The energy of an electron in the first Bohr orbit of H – atom is $-13.6\,eV$. The energy value of electron in the excited state of $L{{i}^{2+}}$ is:
(A)- $-27.2\,eV$
(B)- $30.6\,eV$
(C)- $-30.6\,eV$
(D)- $27.2\,eV$

Answer 1

Hint: Atoms that are hydrogen-like, that is, with only one valence electron, the energy of the electron in the ${{n}^{th}}$ orbit is given by Bohr’s hydrogen atom model.
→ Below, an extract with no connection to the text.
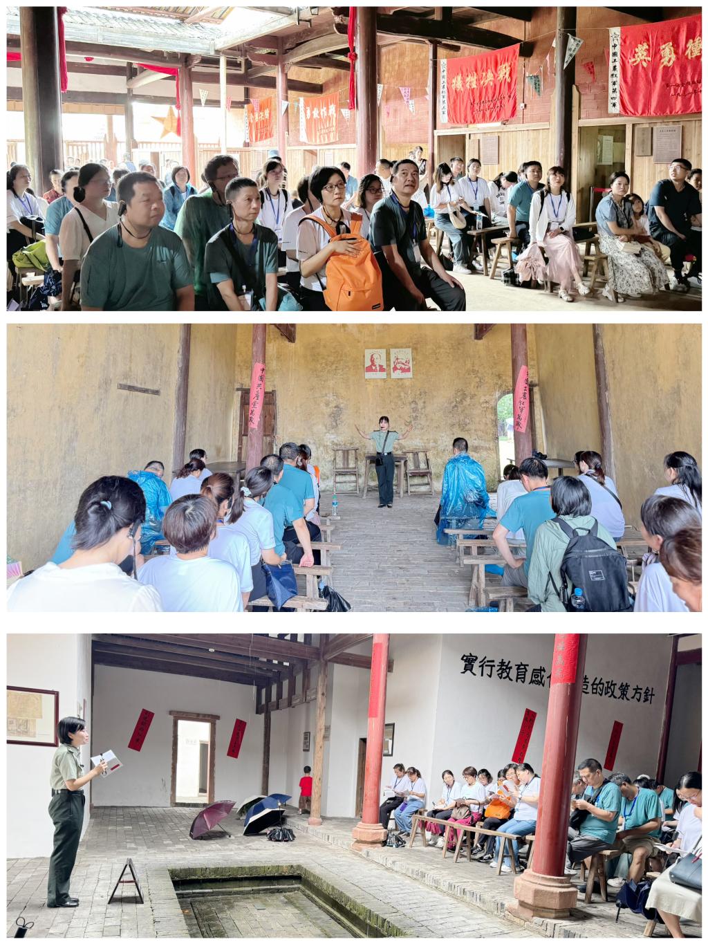 朱慧琳副教授讲授的微党课《八子参军》;在叶坪镇黄沙村华屋,随着华丕懋老师动情细致地讲解,学员们聆听了红军“十七棵松”的故事,感悟红军战士的革命信念,以及在党和政府支持下华屋的传承与变迁。
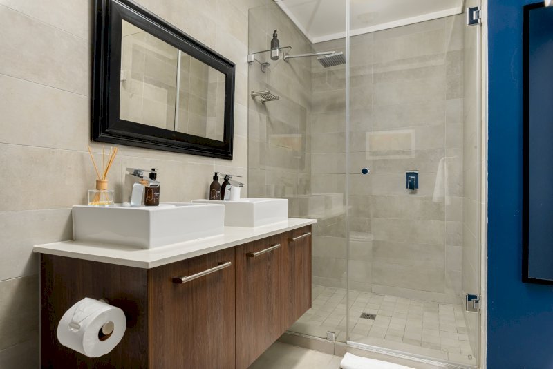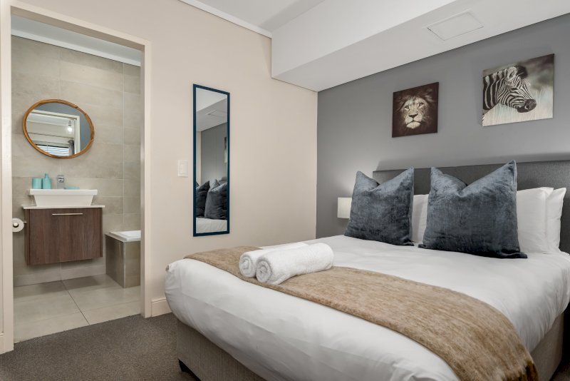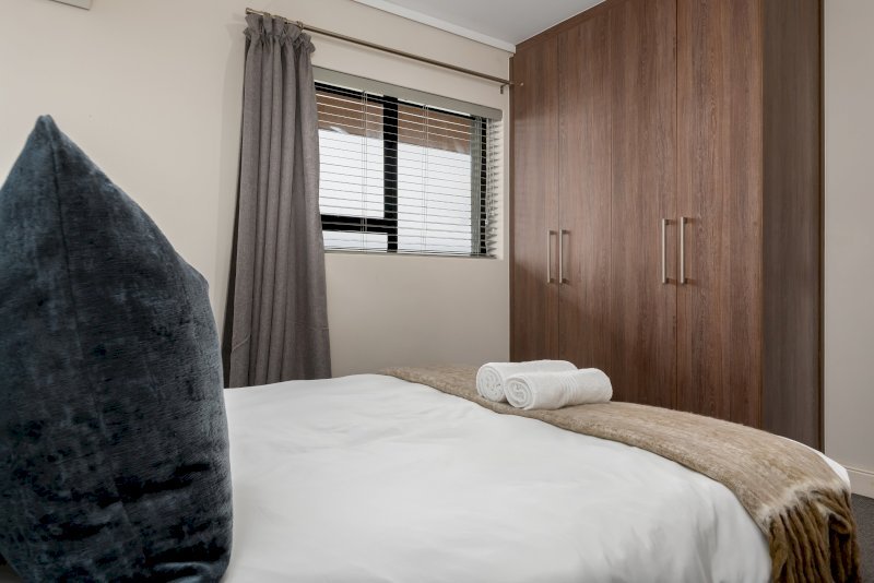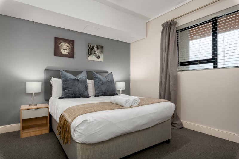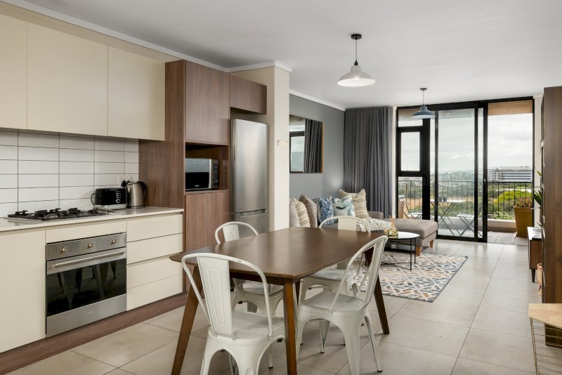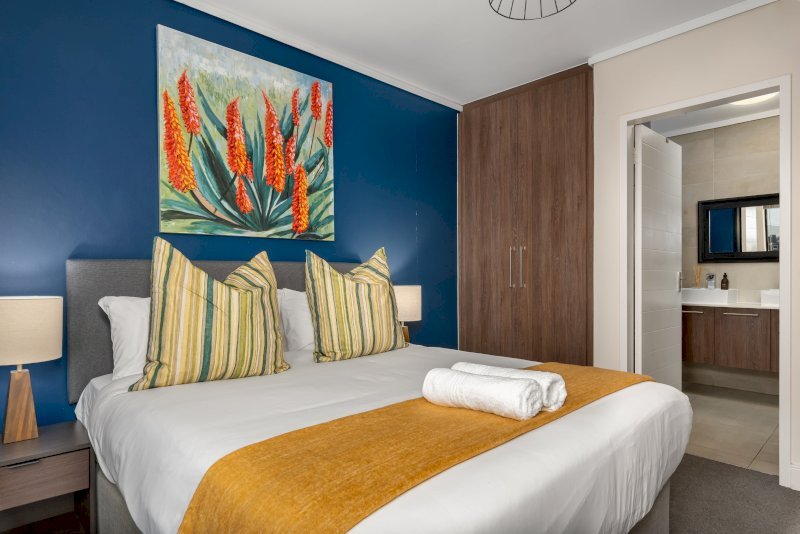 Light and simplistic, with modern finishes, this two-bedroom unit boasts a fully equipped kitchen leading onto a living-cum-dining-area. The dining area is comfortable, seating four and it opens out onto a balcony with staggering views of the Intaka wetlands. Both  Bedrooms offer plush Queen beds with en-suite bathrooms while 24-hour security and secure parking allow for added peace of mind.

According to which the electron revolves around the nucleus in fixed orbits and on excitation they jump to higher energy level or orbit.

Complete step by step solution:
It is given that the energy of the electron in the first Bohr H-atom is $-13.6\,eV$. We have the $L{{i}^{2+}}$ atom, which has atomic number, Z = 3 and one valence electron in its ground state, where n = 1. That is, similar to the hydrogen atom which has Z = 1.
So, for the energy of the electron in the ${{n}^{th}}$ orbit from Bohr’s model is:
${{E}_{n}}=\dfrac{-13.6{{Z}^{2}}}{{{n}^{2}}}$
Then, for the $L{{i}^{2+}}$ atom in its first excited energy state, with the electron in n = 2 orbit or shell, the energy of the excited state will be:
${{E}_{2}}=\dfrac{-13.6\times {{3}^{2}}}{{{2}^{2}}}=-30.6\,eV$

Therefore, the energy value of the electron in the excited state of $L{{i}^{2+}}$ is option (C)- $-30.6\,eV$.

Additional information:
There are few other atoms as well which are hydrogen-like such as $H{{e}^{+}}$, $B{{e}^{3+}}$, ${{B}^{4+}}$ and so on. All having only one electron, thus are isoelectronic to the hydrogen atom.
This energy required ($\Delta E$) to cause the excitation of the electron, can be calculated by the difference in the energy of the electron in the ground state and the excited state.

Note: It must be noted that the ground state of the atom is the lowest energy state in which the electron is present in its most stable state, whereas the excited state is when the electron jumps to the higher energy level on providing energy.